At first glance I took this to be a parody of the urban fantasy genre but I don’t think that was the point.  If anything it felt more like a parody of other parodies that don’t realize how transperent they are. Quinn is all too aware of the UF tropes and laughingly points them out throughout.  Sparkly vampires (honestly someday I am reading Twilight just to understand this reference) is just one fallacy about the supernatural she points out.  Want a quick history of vampire mythos?  She has it on hand and can set you strait on which are real and which may be a stretch.  But don’t take her word for it.  Seriously, have I mentioned she is a bit untrustworthy?

The real story here is whatever Quinn wishes it to be at the moment.  She admits almost immediately that she has already lied to the reader and warns that she will most likely do it again in the future.  She goes off on tangents at a whim, sometimes a few lines and other times it can overtake the entire chapter.  She forgets where she is, backtracks, and then hopes like hell the reader is still following. Throughout though she is dark yet funny and a complete blast to read; if I didn’t always believe a street junkie runaway could be so well read, no matter how much time she spent hanging out in a library, her quick and dirty history lessons were always a highlight.

Her story itself, or at least what can be believed, is enjoyable and tightly written.  A classic survive the set up and track down those responsible type thing.  She runs into other vamps and wolfs, gets riddles from trolls, gets pranked by dirty seagull (my favorite scene in the whole book, damn did I laugh), and puts all the pieces together the wrong way.  The ending is either completely genius or a huge cop out; I am still trying to decide.  Needless to say it fits both the character and goes against the grain of urban fantasy, so I am leaning on pretty damn smart.
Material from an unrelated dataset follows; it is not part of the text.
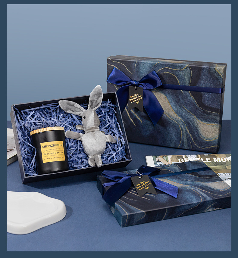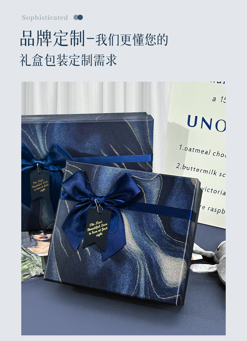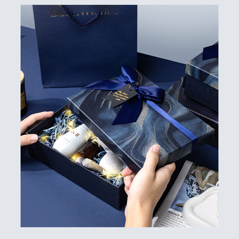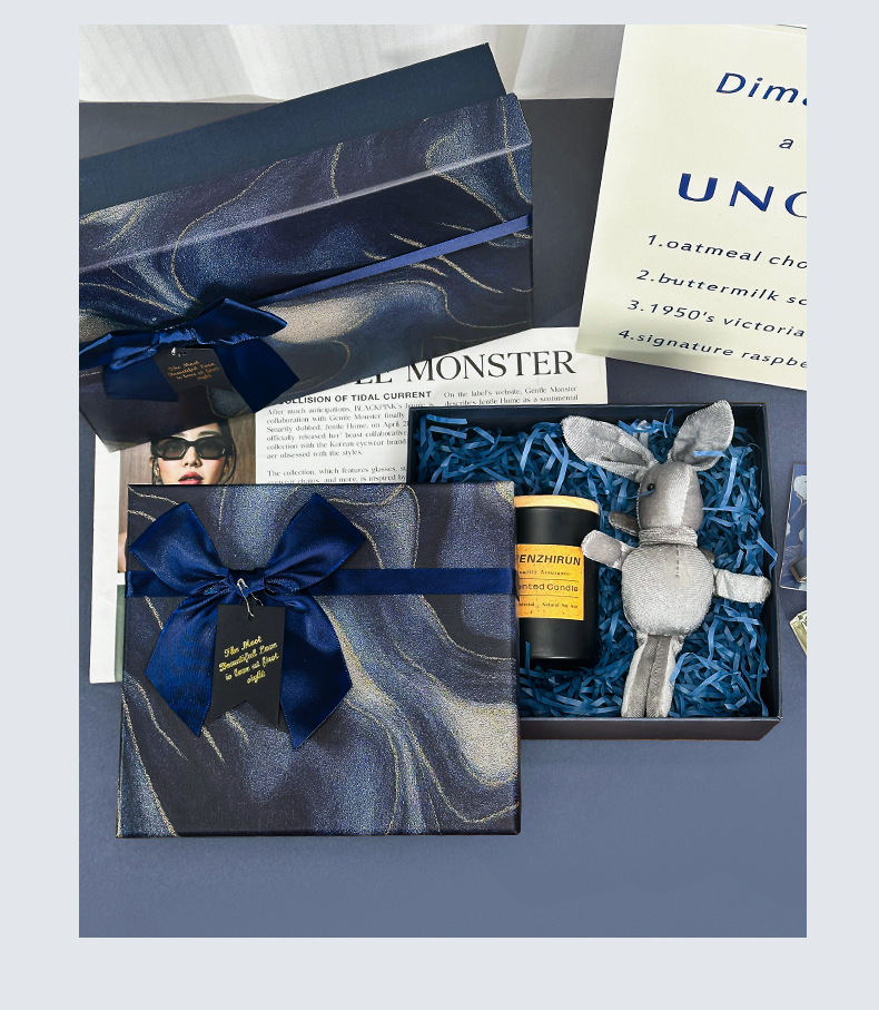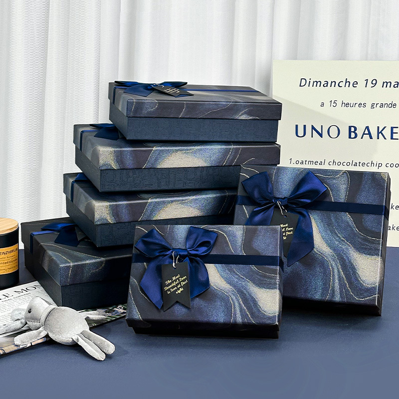 新款蝴蝶结水墨蓝礼品盒天地盖礼物盒生日高级感礼品包装盒现货

Another book in which your mileage may vary.  No doubt its entertaining anti-hero, dark storyline, and consistent humor should appeal to many.  But I have seen unconventional writing styles turn people off before, and this one is completely unique.  Quinn was at times a little too aware she was living in a fantasy book, but for the most part it worked.  A junkie with a new habit, a bone to pick, and an unknown amount of luck left.  What’s not to like?